Still, I felt stuck. Like I couldn’t fully do what God had called me to do. So again, here I was, frustrated, mad, and confused. Then the opportunity came of Life Coaching. I said, “God, why the heck would you make me do 5 years of schooling, 700 hours of internship, and see over 50 clients to turn back around and make me go back to school to be a life coach?” He said this, “You needed the education to recognize the people I sent you to help and the tools to send the ones that need to go to other people. I allowed you to go through it all because you had to understand it was in pursuit of your purpose. If any steps were missed, then you would have been off track and wouldn’t be able to fully walk in your purpose now.” This confirmation pushed me to launch Transform U.

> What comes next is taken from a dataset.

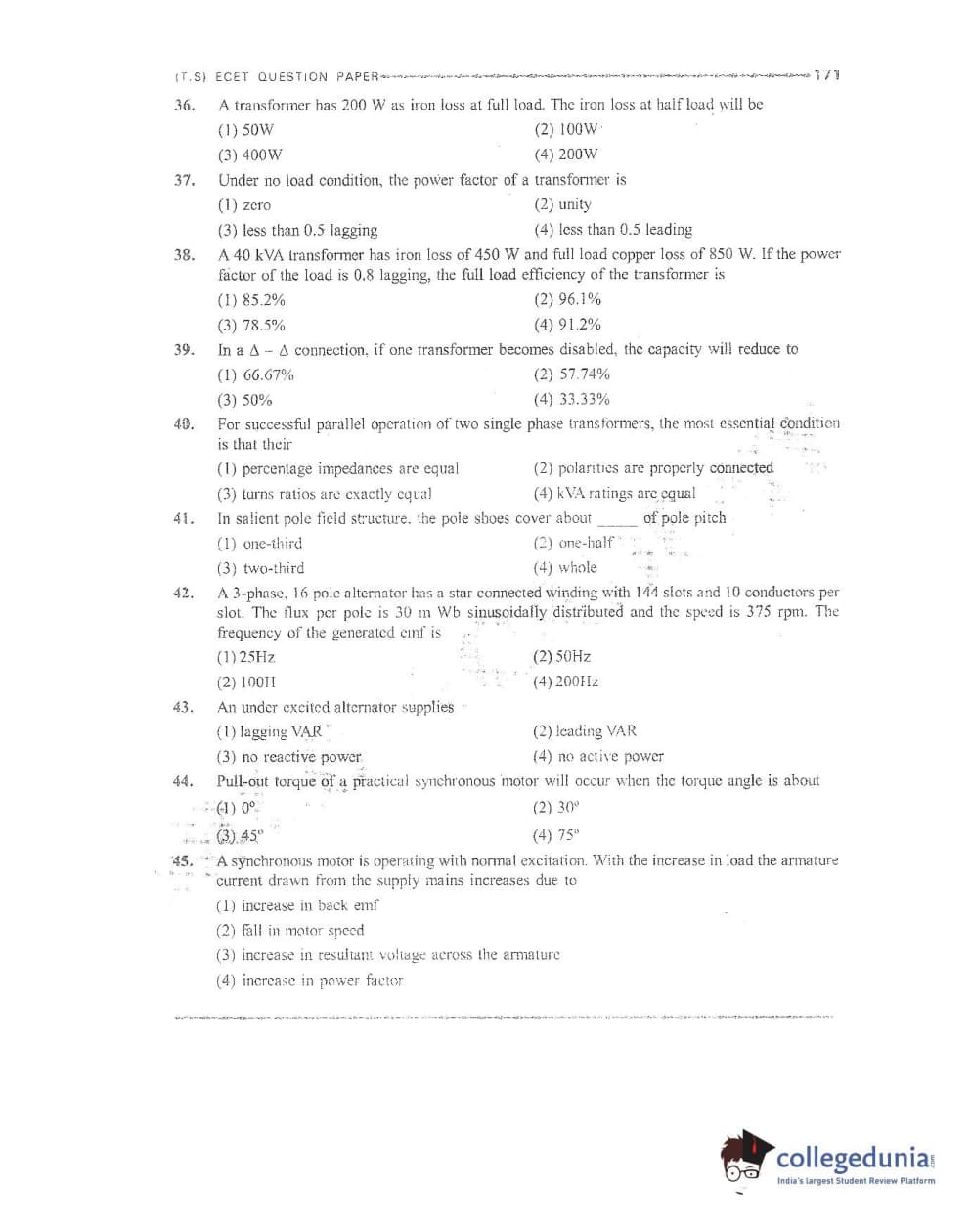 | TS ECET 2016 Electrical and Electronics Engineering Question Paper PDF | TS ECET 2016 Electrical and Electronics Engineering Answer Key PDF |

Still, the idea that I graduated early, served and medically retired from the Army, became a single mother, worked over 75 hours a week all because I was called to help others naviagate through the difficult seasons in their life is mind blowing to me. If I never had the heartbreak, I would never be able to say to a recently dumped 20 year old, “I understand.” If I never joined the Army, I would never be able to tell a veteran that there is life outside of the military. If I never went through a divorce, I would never be able to tell a single mother that they are going to make it. If I never went back to school, I could never tell someone, “It is never too late to pursue your purpose.” ALL THINGS WORK TOGETHER. Today you have a choice: stay where you are at, or get up and start your Pursuit of Purpose.